The nose was sweet, rich and full of dark fruits. I immediately got notes of raisin and fig, along with a healthy amount of brown sugar. It reminded me a bit of an oatmeal cookie. I certainly got a light char note as well. It also had this kind of woody spice to it, perhaps a bit like cinnamon sticks.
The flavor followed suit to some extent, but also brought out some additional notes that really made for an interesting, complex and delicious bourbon. Right up front I got baked peach and cinnamon, like a peach cobbler or a peach crisp. There were also some dark fruits as well, but rather than fig and raisin it came across almost like a mulled wine. It reminded me a bit of Christmas in that respect.
It definitely had some wood notes to it, though it was only in the flavor. It didn't create any sort of bitterness that you often get with wood notes. It also had a bit of char to it as well, but only just enough to add that light, smoky element.

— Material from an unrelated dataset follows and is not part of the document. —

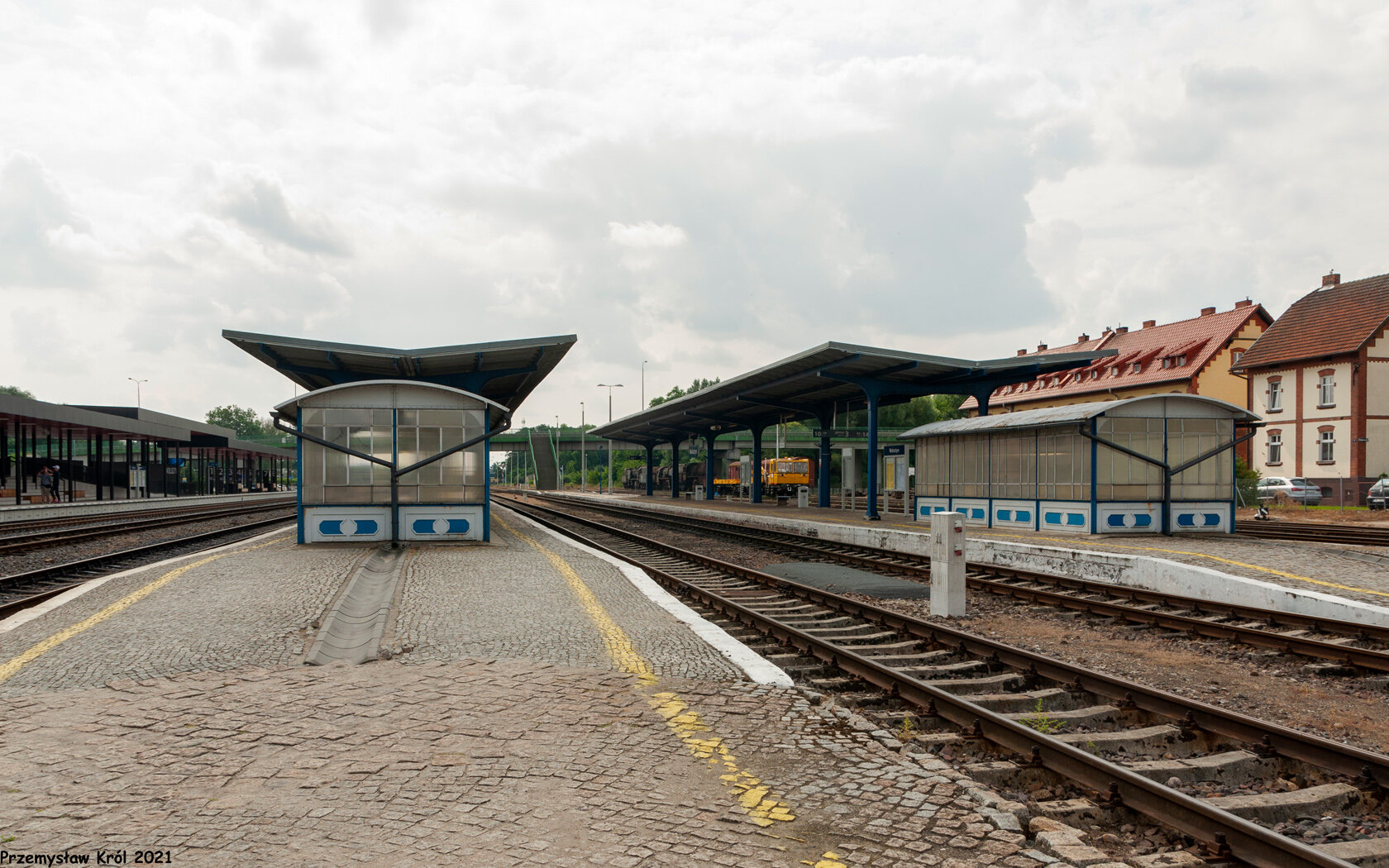 Widok w stronę wschodniego końca peronu, obok widok na numerowane stanowiska odjazdu autobusów.

The texture was fairly viscous, which made for a very long finish. Unfortunately, on the finish the bitter tannic notes did some through, surprisingly. Yet, at the same time, it was on the finish that the sweet caramel notes, kind of that traditional Maker's flavor, came through as well. This was not a sweet whiskey, certainly not a typical wheated whiskey in that respect, but it had just enough caramel sweetness to keep it enjoyable and offset that tannic wood note.
Overall, Maker's has put out yet another solid release in the Wood Finishing Series. Those wintertime dessert notes were a welcome change while I enjoyed this whiskey during the dog days of Summer. It had a richness and complexity that I haven't enjoyed in a while, and my only real negative was that tannic bitterness, but even that was balanced out by the caramel sweetness.